Kolzo gelang es, sich mit einer kleinen Gruppe durch die feindlichen Linien zu schlagen und nach unendlichen Strapazen Perm zu erreichen. Doch dort hatte sich die Stimmung inzwischen gewandelt. Sibirische Stämme waren zur Vergeltung in russisches Gebiet eingefallen und hatten dort schlimm gehaust. Iwan befürchtete nun wegen der Eroberungen der Stroganovs in einen Zweifrontenkrieg verwickelt zu werden. Wie nicht anders zu erwarten, wuschen die reichen Händler ihre Hände in Unschuld und schoben alle Verantwortung auf die Raublust der Kosaken. Sie schickten Kolzo deshalb gleich weiter nach Moskau, um dort dem Zaren seinen Kopf vor die Füße zu legen. Als Kolzo jedoch dem Zaren berichtete, dass Kutschum der gefürchtete Khan von Sibirien von ein paar hundert Kosaken geschlagen worden war, und dann noch einige tausend kostbare Felle vor dem Zaren ausbreiten ließ, wandelte sich dessen Stimmung schnell.

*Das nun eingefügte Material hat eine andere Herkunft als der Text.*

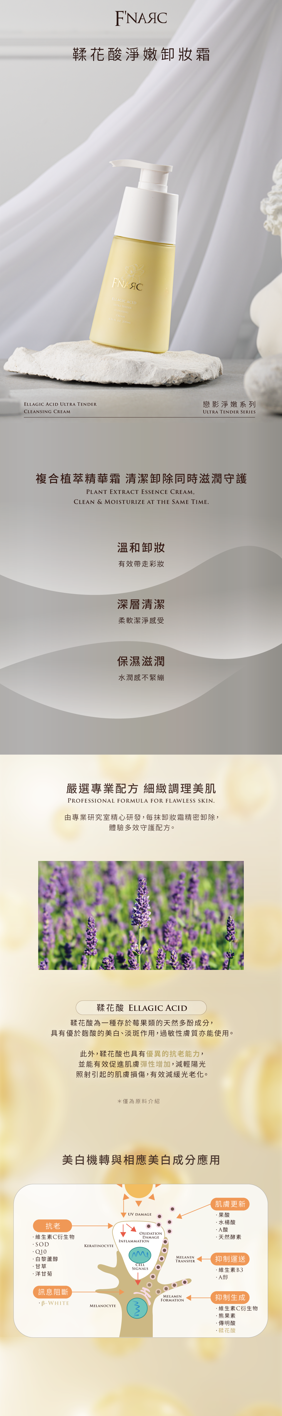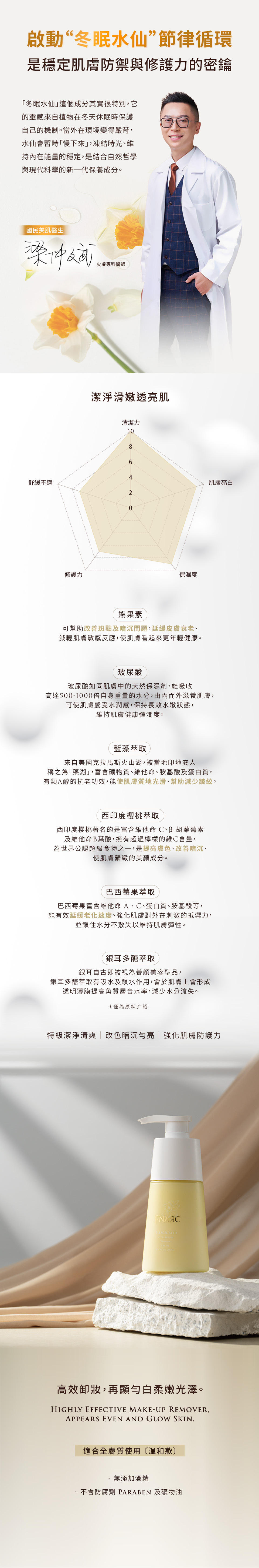 蘊含天然鞣花酸,協助潔淨同時維持肌膚明亮,並結合熊果素、玻尿酸、藍藻與西印度櫻桃萃取等,可卸除彩妝與毛孔髒污,改善黯沉粗糙,潔後水潤不緊繃。卸妝保養同步完成,呈現輕透柔嫩的潔淨美肌。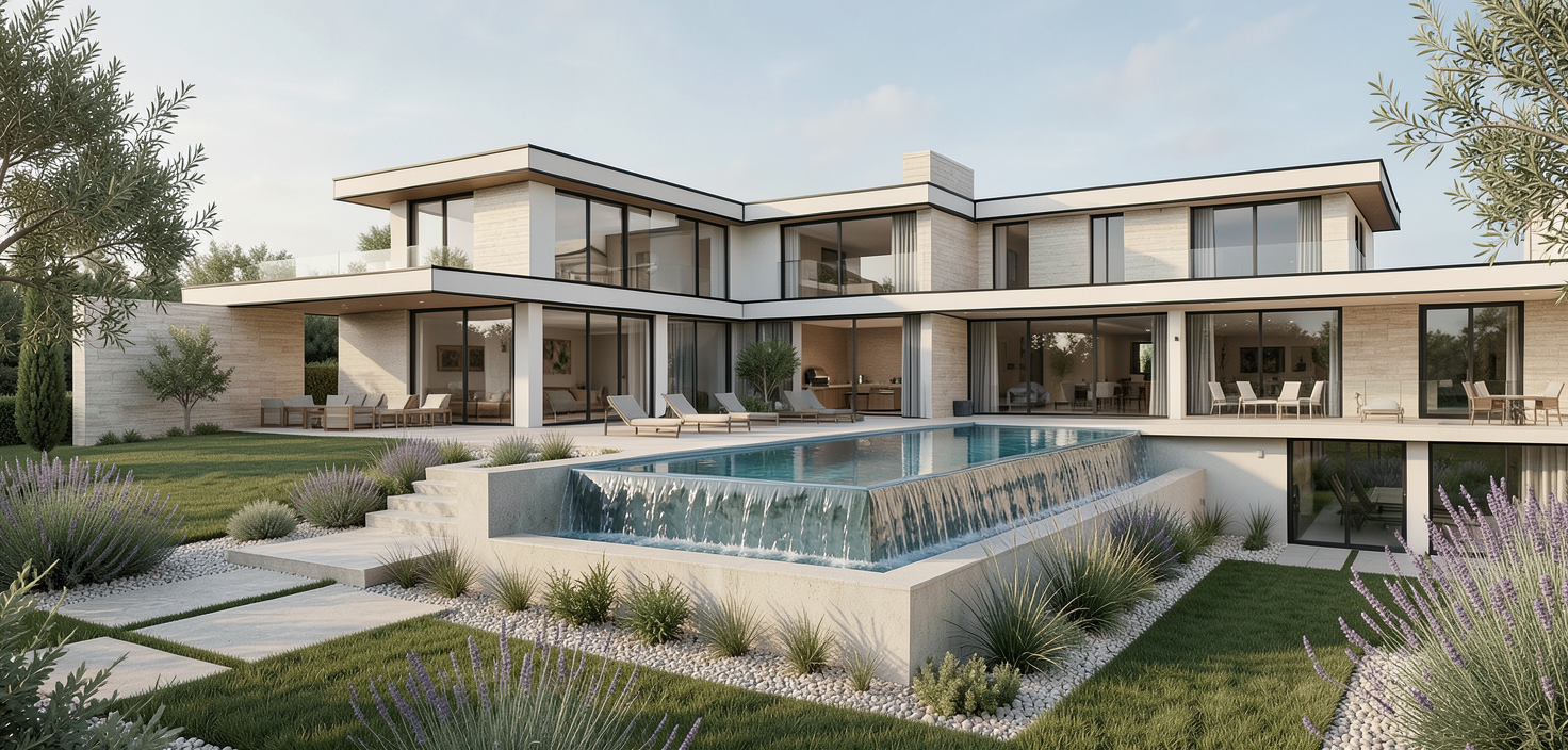 render using the exact original geometry with zero changes to massing proportions roof shapes floor heights openings terraces or building volumes do not alter or reinterpret any architectural form edge detail add a black thin shadow line or metal trim only on the top visible edges of the two main slabs do not wrap it underneath or around the slab only as a top edge finish detail this is a material finish treatment not a geometry change openings and use clarification on pool fa ade from right to left 1st bayfrom the right open outdoor passage no doors no glazing 2nd bay from the right recessed niche used as an outdoor bbq area not an interior room render as a shaded recessed outdoor space with built in bbq counter storage and outdoor kitchen elements remaining bays treat according to existing model openings only add glazing only where the model already has enclosed spaces pool instruction keep the existing pool shape and position exactly as modeled but render it as an infinity edge pool where water overflows cleanly on one side and cascades visually to the second lower level below no change to pool footprint or walls only water behavior and edge treatment architecture style contemporary luxury villa flat roofs strong horizontal lines layered volumes light beige off white stone or stucco fa ade with subtle horizontal texture black or dark bronze aluminum window frames only where glazing truly exists deep roof overhangs with sharp clean edges landscape mediterranean style landscaping olive trees cypress trees lavender rosemary thyme ornamental grasses gravel and stone ground covers terracotta and limestone tones drought tolerant species clean but natural layout no tropical plants pool materials light stone or concrete coping calm blue green water realistic reflections visible infinity overflow to lower level lighting soft natural daylight warm climate feel clear or lightly hazy sky realistic sun angle rendering style ultra photorealistic high end architectural photography look global illumination accurate shadows realistic reflections high material detail no stylization camera eye level or slightly elevated wide angle without distortion courtyard and pool in foreground villa as main focus negative prompt no geometry changes no added or removed building volumes no fake doors or windows no closing outdoor areas no changed proportions no tropical landscaping no fantasy style no cartoon no exaggeration no distortion no low detail no sketch

Er begnadigte die geächteten Kosaken und gab Kolzo dreihundert Soldaten mit auf den Rückweg, Vorräte und Munition, und eine vergoldete Rüstung für Jermak, der zum Fürsten von Sibirien ernannt wurde.

Iwan IV. betrachtet Pelze Doch das Eintreffen dieser Verstärkungen bedeutete nur einen kurzen Aufschub. Oft gerieten kleinere Trupps beim Eintreiben der Tribute in Hinterhalte und wurden niedergemacht. Iwan Kolzo, der mit 40 Kosaken einem verbündeten Stamm zur Hilfe eilen sollte, wurde von diesem ermordet. Im Winter lichteten Fieber und Skorbut die Reihen. Mehrmals ließ Jermak gefasste Deserteure im Fluss ertränken. Bald waren von der alten Truppe nur noch 150 Mann am Leben. Schließlich wurde Jermak selbst bei einem Streifzug überfallen. Es gelang ihm zwar, sich bis zum Irtysch durchzuschlagen, da seine Rüstung Pfeile und Schwerthiebe abhielt; als er aber versuchte schwimmend das andere Ufer zu erreichen, wurde er von seiner Rüstung unter Wasser gezogen und ertrank.

Nach seinem Tod räumten die letzten Kosaken Sibir und machten sich auf den langen Heimweg. Aber die Eroberung Sibiriens war nicht mehr aufzuhalten. Der Zar schickte immer neue Kontingente über den Ural. In der Nähe von Sibir entstand die Festung Tobolsk. Vom weiteren Schicksal der fremden Söldner ist nichts bekannt. Einige der wenigen Überlebenden werden in Moskau ihre Pelze verkauft und vertrunken haben, um dann wieder in Kriegsdienst zu treten, andere ließen sich vielleicht mit den Kosaken in Tobolsk als Steuereintreiber und Pelzhändler nieder. Für Nachschub wurde jedenfalls gesorgt. Denn nach Sibirien schickte man nicht nur russische Sträflinge und Verbannte, sondern auch immer wieder gefangene Söldner.